Curly Was The Smart Stooge
Marlins have a great young pitchers staff, you need great catchers to help them along. Go gettem, Donnie Baseball
Curly Was The Smart Stooge
Marlins fans – who would you want as your catcher? Lots of”em around, Zunino, Smith, Sanchez, Contreras ? Inquiring minds want to know.
password is tacko
Contreras personally would be my pick
ludafish
I don’t even really care about the offense. I just want a sound defensive catcher who calls a great game. One who can blocked that bounced slider or curve. Alfaro couldn’t as last I checked he was way ahead in passed balls (then they put him in left because why not?!)
Honestly I really wanted to aquire Joey Bart. As SF whole rotation is a FA I figured we match up well.
If I had to choose from your list I would say Contreras I guess because he seemed like someone we were going after and I feel like I remember him being goof defensively.

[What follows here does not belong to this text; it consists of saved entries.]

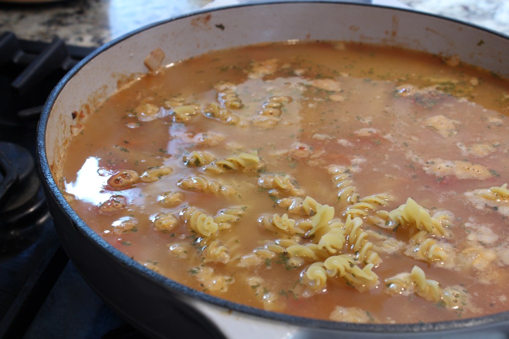 - Pour in the tomatoes (with the juice), beans (rinsed and drained), chicken stock, pasta, and spice mix into the Dutch oven. Stir and bring to a boil. Once boiling, lower stovetop heat and let simmer for 20 mins. Cover with a lid, removing occasionally to stir.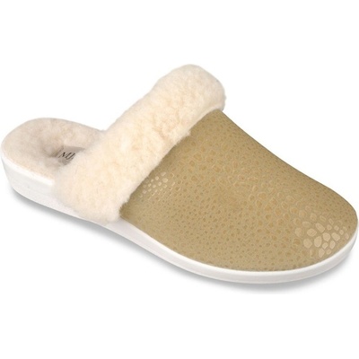 Oblíbený model dámských pantoflí. Pohodlný klínek, tvarovaná stélka. Kvalitní domácí obuv chrání Vaše nohy a klouby, hlavně v případě tvrdých povrchů. Na boku gumička, vhodné i...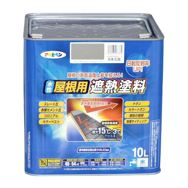 遮熱塗料 水性屋根用遮熱塗料 10L 日本瓦銀 アサヒペン 水性塗料 塗料 ペンキ 水性 屋根塗料 水性ペンキ トタン屋根用塗料 外壁塗料 塗装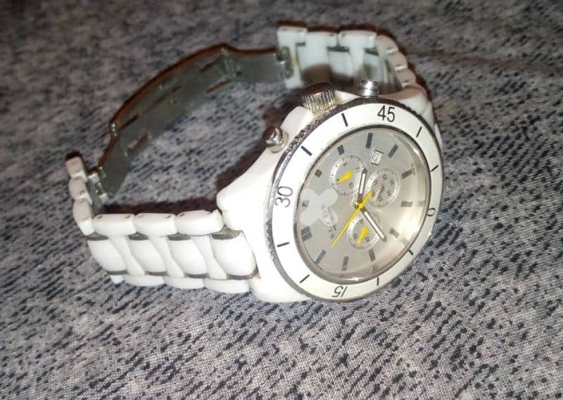 ساعة سويسرية أصلية مميزه مصنوعة من السيراميك باللون الابيض ساعة كتير نظيفه ماركة (BLADE) مطلوب فيها ١٢٠ دولار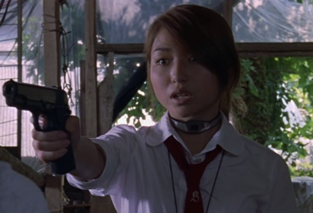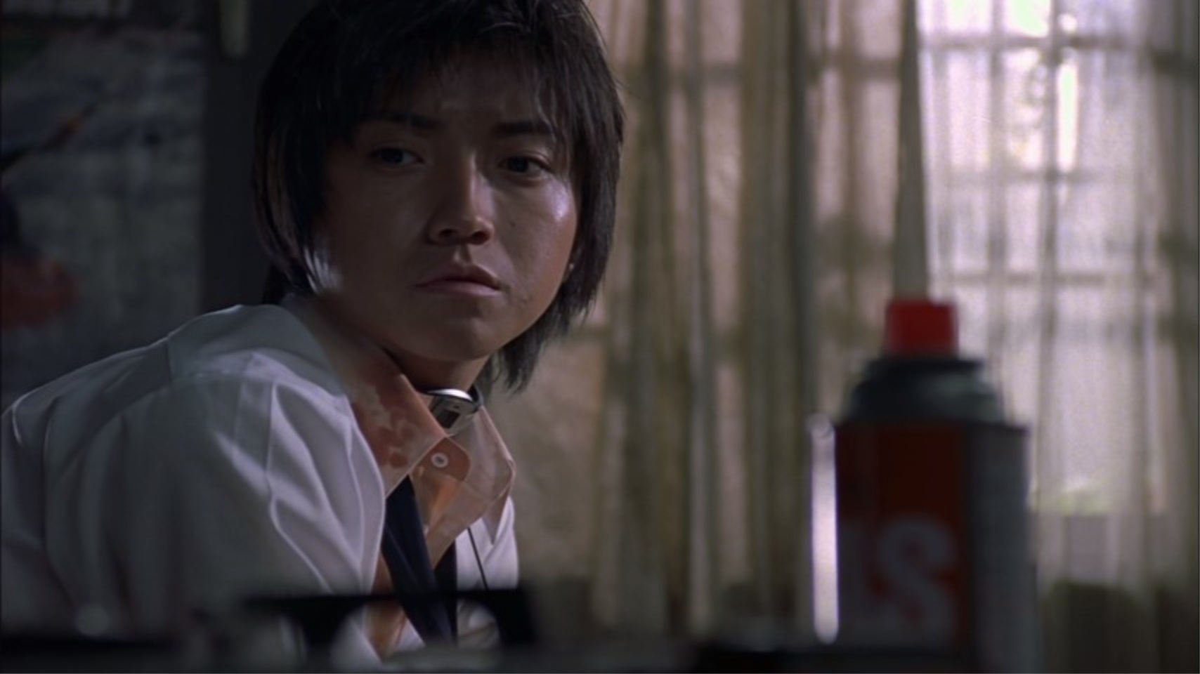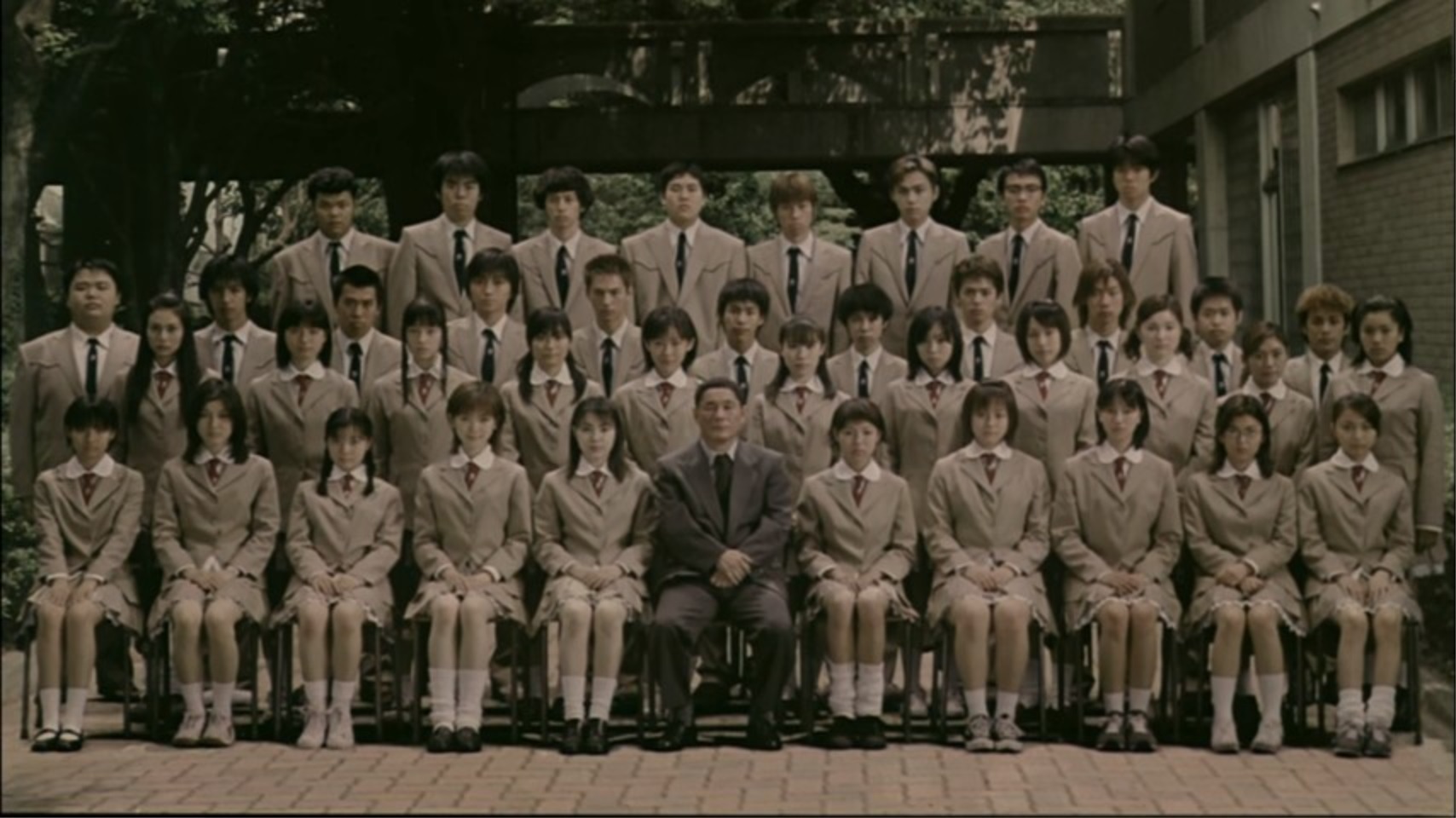 Transfer student and was grabbed by Mitsuru's gang as they assumed he was working with Kitano-Sensei. His weapon initially was pretty useless.Due to his run in with Mitsuru's gang, he got an uzi. He obviously had a cheat code for infinite ammo. He was the main villain in the entire movie. The only one who came close to his level of violence was Mitsuko. Shogo claimed that Kazuo was probably the one who willingly signed up for this. He never talked in the movie. There is a version of Kazuo (not in the movie) that made his decision to participate on a coin toss.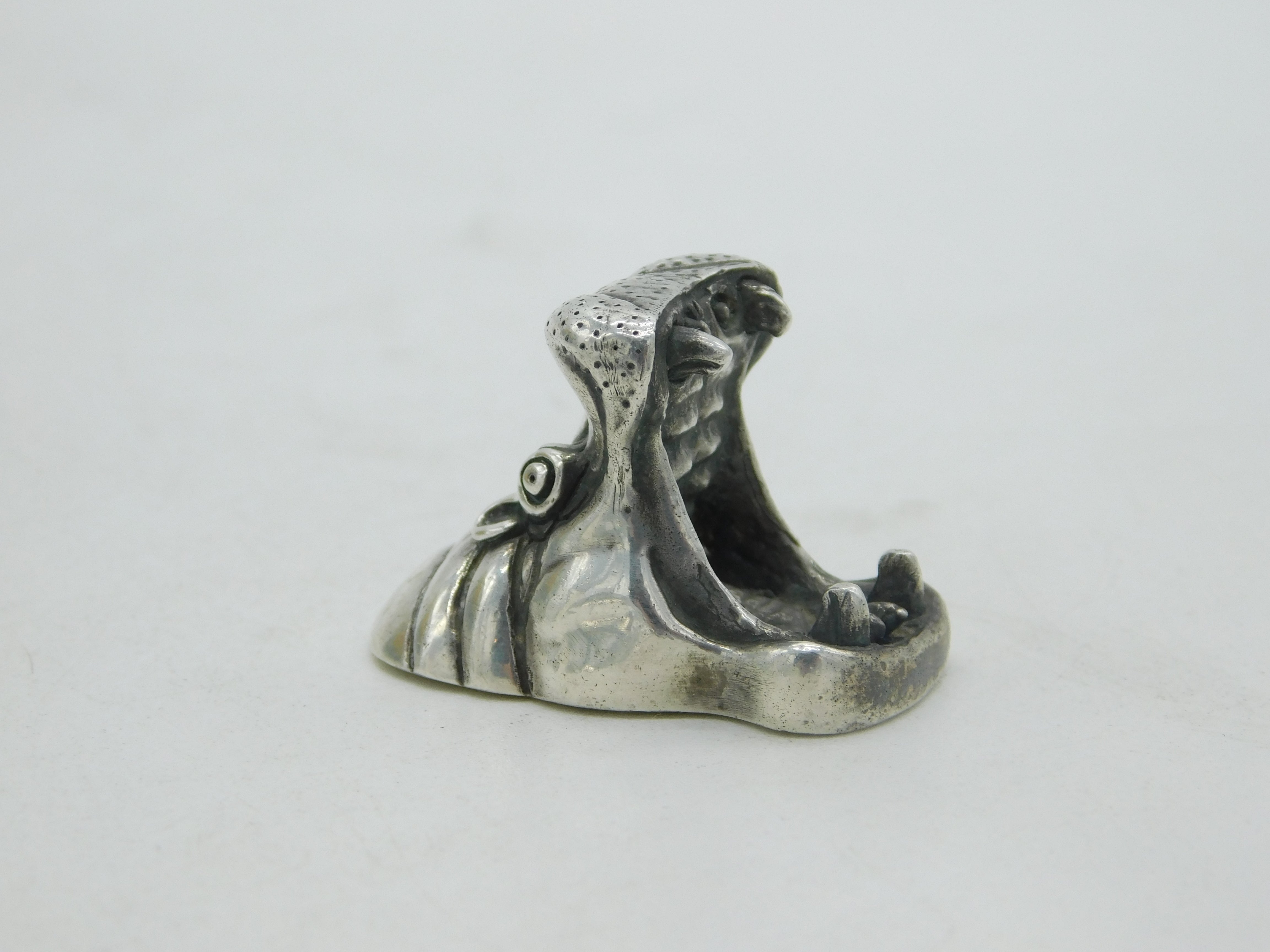 Patrick Mavros Cast Sterling Silver Roaring Hippo Miniature Figure Vintage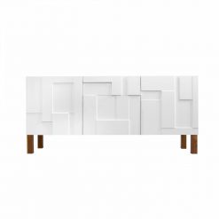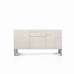 Komoda Klere L wyposażona jest w dwie szuflady i dwa skrzydła otwierane na bok. Pojemne wnętrze jest bardzo praktyczne, gdyż pozwala zachować porządek i wygodnie przechowywać różnego rodzaju przedmioty. Dzięki oryginalnej formie mebel może stać się przykuwającym wzrok elementem dekoracyjnym. Prostopadłościenna bryła nabiera dynamizmu i wyrazistości za sprawą niezwykłych, trójwymiarowych frontów. Elementy o różnej grubości tworzą intrygującą grę światła i cienia.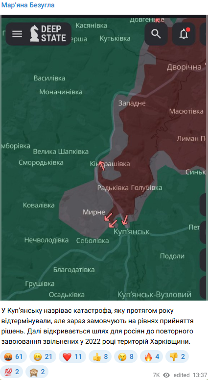 "В Купянске назревает катастрофа, которую в течение года отсрочили, но сейчас замалчивают на уровнях принятия решений. Далее открывается путь для россиян к повторному завоеванию освобожденных в 2022 году территорий Харьковщины", — написала Безуглая.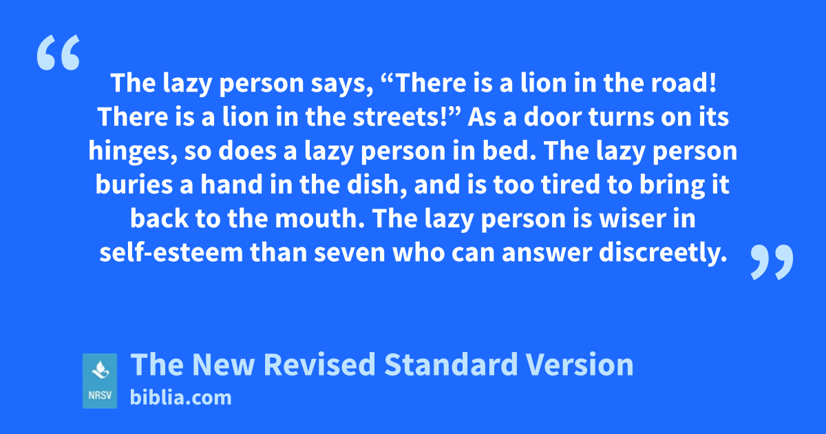 The lazy person says, “There is a lion in the road! There is a lion in the streets!” As a door turns on its hinges, so does a lazy person in bed. The lazy person buries a hand in the dish, and is too tired to bring it back to the mouth. The lazy person is wiser in self-esteem than seven who can answer discreetly.

My answer is anyone who can play well defensively while having an OPS+ of 100 or over.
GONEcarlo
Jacob Stallings
skyjacked
Both Marlins fans have now weighed in.
Curly Was The Smart Stooge
C’mon, you should be ashamed, there’s at least 3 of us, & the longer the thread runs, there will be more, we may hit a dozen.
Rick Wilkins
I knew Diaz was not good at baseball, but upon further review, he’s downright awful. Check out his career slash, WAR, counting stats, etc. It’s really, really bad. The only thing he does half way decent is 53 walks in 501 plate appearances. When he swings his bat it’s big trouble though, for the Marlins.
ludafish
He was kind of a throw in with Yamamoto in that trade. He had some good minor league seasons and scouts got kind of high on him. Then in 2019 he was destroying the minors and got called up.
And he has a weird attitude so what happened next I legit think messed with him. In his first game (possibly not first but within the first several) he hit a monster HR off a DeGrom 100mph fastball. He pimped it like he does that sort of thing all day. Then that was it. That was the last good thing he did.
He should have never made it back to the majors after that awful 19. Should have been in the minors still to this moment to possibly help the team in 2022. Now I never want to see him again.
Like the fact I don’t have to see him the next 2 weeks is amazing. It’s like winning a playoff game.
stubby66
They just keep adding more and more ex- Brewers: Brinson, Harrison, Diaz, Henry, Cooper, Aguilar, and Williams. Just keep adding them.
gbs42
Diaz is very, very good at baseball. He’s a borderline major leaguer, which only about a thousand other people on the planet can say. He just might not be quite good enough to stick at the MLB level. There’s no shame in that.